Megan Potente, co-state director of Decoding Dyslexia CA, an advocacy group, suggested that a statewide literacy initiative could be more akin to guardrails than a mandate. Certainly, many other states, including those with substantial bilingual populations, from Florida and Mississippi to Tennessee, have already launched comprehensive state policy reforms to change the way reading is taught, with impressive results. 

“It’s not about one-size-fits-all because, just like in other states, there would be many choices of reading professional development and instructional programs,” said Potente. “And the choices would be vetted by state experts to ensure that they provide what California kids need to learn.”

She argues that it’s actually the most vulnerable kids who may have the most to gain from a comprehensive literacy plan. Her organization fought long and hard for dyslexia screening legislation, for example, that only recently passed.

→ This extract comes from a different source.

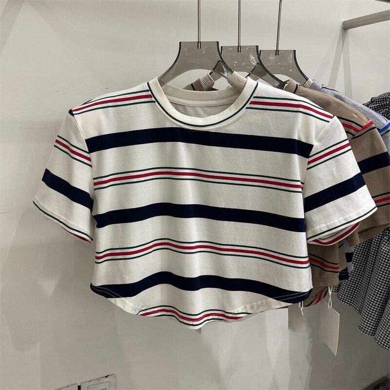 2024夏季新款设计感不规则圆领条纹短款高腰短袖T恤女学生上衣潮
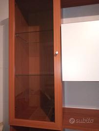 Mobile libreria con vetrine. Misure 240x220x48. Colore bianco/ciliegio.

“It took eight years and four bills to make it happen. We are in this for the long haul because we know that matters,” said Potente, a veteran teacher and the mother of a dyslexic child.  “We talk about structured literacy a lot. … It really needs to be the standard of care. Non-negotiable. Why is it not? That’s really what sticks with me. Why is it so hard to find access to evidence-based instruction that works for all kids? Why?”